The task: For the data below, retype word for word the lines from the one containing "Nach der gemeinsamen" through the one containing "MOSCHINO 莫斯奇诺 女士棉质字母logo大熊猫印花休闲短裤"; drop the pictures.

Available data:
★ ★ ★

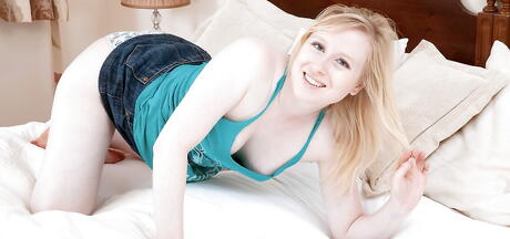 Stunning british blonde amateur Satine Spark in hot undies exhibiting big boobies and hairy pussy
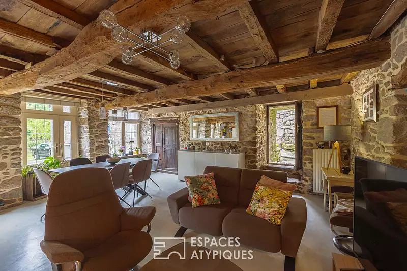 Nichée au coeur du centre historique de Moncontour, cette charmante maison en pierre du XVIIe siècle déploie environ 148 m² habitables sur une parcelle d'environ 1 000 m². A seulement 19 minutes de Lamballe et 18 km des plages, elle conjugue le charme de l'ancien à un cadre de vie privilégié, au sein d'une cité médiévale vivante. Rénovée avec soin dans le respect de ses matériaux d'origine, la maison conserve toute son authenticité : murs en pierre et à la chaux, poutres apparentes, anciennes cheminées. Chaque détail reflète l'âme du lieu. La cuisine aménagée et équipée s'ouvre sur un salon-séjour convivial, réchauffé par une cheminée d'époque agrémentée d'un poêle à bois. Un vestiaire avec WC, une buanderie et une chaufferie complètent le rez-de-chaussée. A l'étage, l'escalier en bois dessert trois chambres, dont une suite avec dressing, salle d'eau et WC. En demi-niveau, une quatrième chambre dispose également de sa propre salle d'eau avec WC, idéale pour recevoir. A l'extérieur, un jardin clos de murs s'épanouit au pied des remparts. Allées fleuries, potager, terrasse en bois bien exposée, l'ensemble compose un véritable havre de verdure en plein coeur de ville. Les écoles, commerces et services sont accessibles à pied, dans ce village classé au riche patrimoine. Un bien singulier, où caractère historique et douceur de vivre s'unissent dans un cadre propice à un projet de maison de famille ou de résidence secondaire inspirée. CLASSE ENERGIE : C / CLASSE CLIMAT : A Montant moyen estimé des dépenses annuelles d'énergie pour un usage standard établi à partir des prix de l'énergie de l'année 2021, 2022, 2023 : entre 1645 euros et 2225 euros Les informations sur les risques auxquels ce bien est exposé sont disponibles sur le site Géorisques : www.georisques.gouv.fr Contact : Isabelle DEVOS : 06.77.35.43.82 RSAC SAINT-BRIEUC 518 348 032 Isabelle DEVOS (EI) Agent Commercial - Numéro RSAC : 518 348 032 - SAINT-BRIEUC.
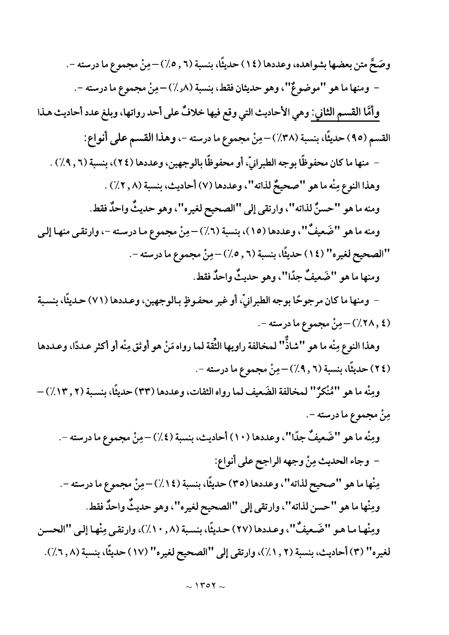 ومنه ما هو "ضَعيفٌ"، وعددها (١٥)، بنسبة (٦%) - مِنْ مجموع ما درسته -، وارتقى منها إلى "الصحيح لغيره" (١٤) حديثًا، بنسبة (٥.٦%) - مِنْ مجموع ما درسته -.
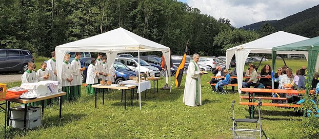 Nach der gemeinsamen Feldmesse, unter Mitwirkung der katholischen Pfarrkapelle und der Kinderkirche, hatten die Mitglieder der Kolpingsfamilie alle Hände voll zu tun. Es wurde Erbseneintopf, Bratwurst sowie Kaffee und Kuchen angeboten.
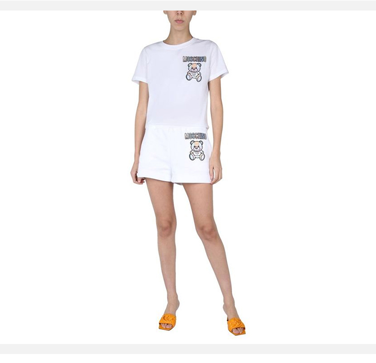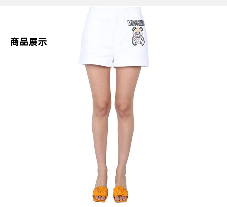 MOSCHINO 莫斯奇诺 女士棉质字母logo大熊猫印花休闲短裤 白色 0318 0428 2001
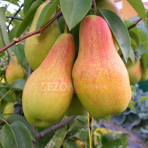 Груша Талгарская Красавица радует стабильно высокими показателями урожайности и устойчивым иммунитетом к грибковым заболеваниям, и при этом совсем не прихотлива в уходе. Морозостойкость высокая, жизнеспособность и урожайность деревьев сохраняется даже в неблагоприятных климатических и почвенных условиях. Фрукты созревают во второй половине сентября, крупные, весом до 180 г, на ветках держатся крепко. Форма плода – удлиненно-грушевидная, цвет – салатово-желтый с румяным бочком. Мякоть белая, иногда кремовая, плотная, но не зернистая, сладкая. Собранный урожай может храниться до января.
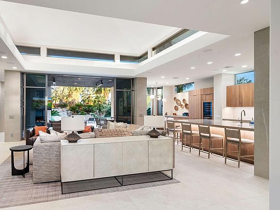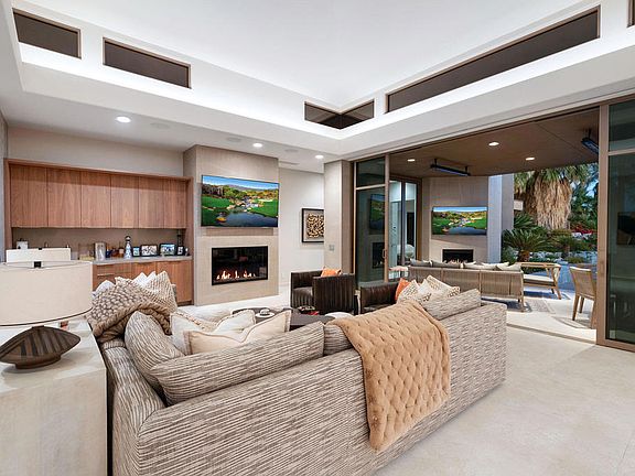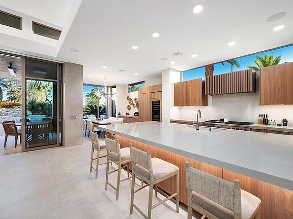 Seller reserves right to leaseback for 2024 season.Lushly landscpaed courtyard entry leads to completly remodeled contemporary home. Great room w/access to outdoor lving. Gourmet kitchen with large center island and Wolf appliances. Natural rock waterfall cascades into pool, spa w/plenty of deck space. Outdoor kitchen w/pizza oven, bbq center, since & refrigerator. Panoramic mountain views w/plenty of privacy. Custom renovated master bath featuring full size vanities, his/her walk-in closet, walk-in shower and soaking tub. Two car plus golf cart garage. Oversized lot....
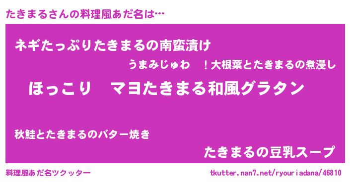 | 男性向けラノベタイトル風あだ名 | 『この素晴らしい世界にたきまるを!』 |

★ ★ ★

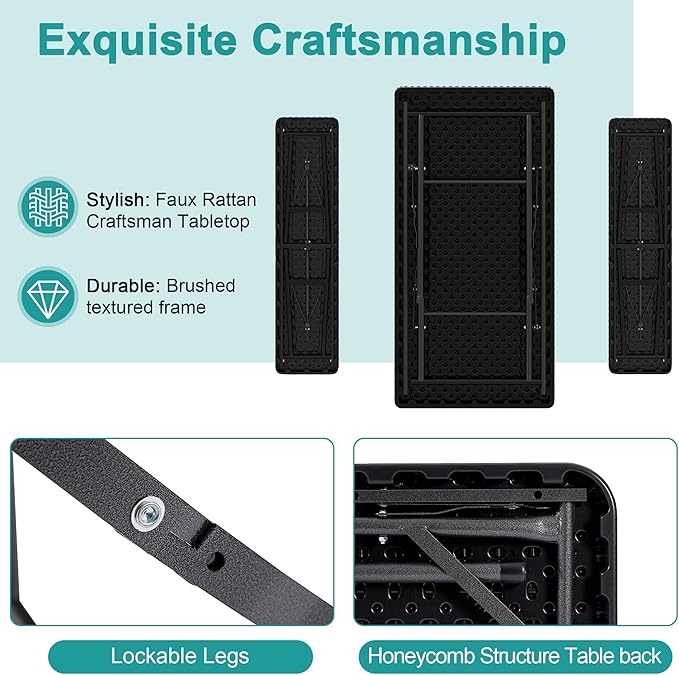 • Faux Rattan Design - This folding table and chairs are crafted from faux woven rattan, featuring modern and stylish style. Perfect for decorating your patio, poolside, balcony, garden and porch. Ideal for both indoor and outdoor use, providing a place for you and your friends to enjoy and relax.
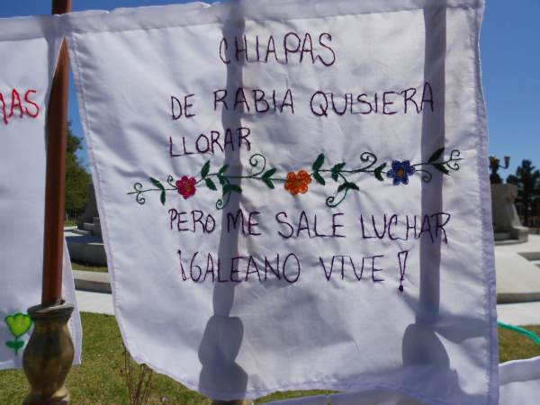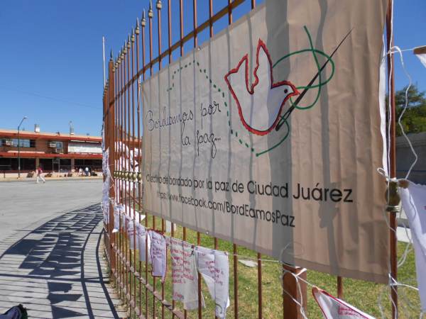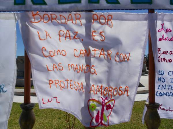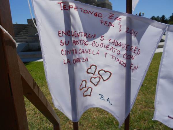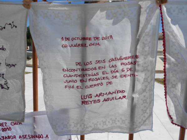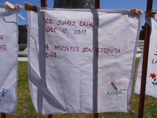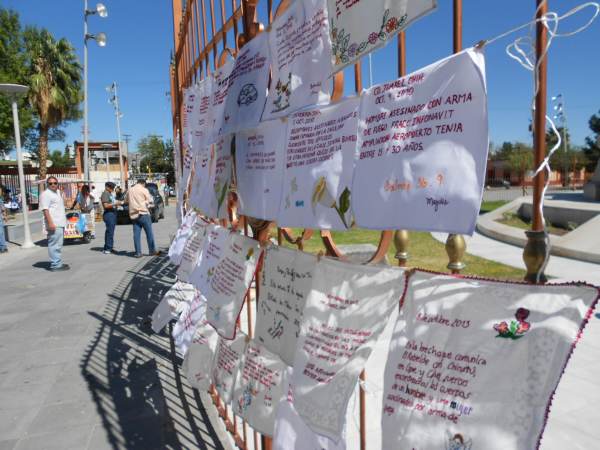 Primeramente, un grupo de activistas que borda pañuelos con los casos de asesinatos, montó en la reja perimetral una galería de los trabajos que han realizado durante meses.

★ ★ ★

Your response:
 Nach der gemeinsamen Feldmesse, unter Mitwirkung der katholischen Pfarrkapelle und der Kinderkirche, hatten die Mitglieder der Kolpingsfamilie alle Hände voll zu tun. Es wurde Erbseneintopf, Bratwurst sowie Kaffee und Kuchen angeboten.
 MOSCHINO 莫斯奇诺 女士棉质字母logo大熊猫印花休闲短裤 白色 0318 0428 2001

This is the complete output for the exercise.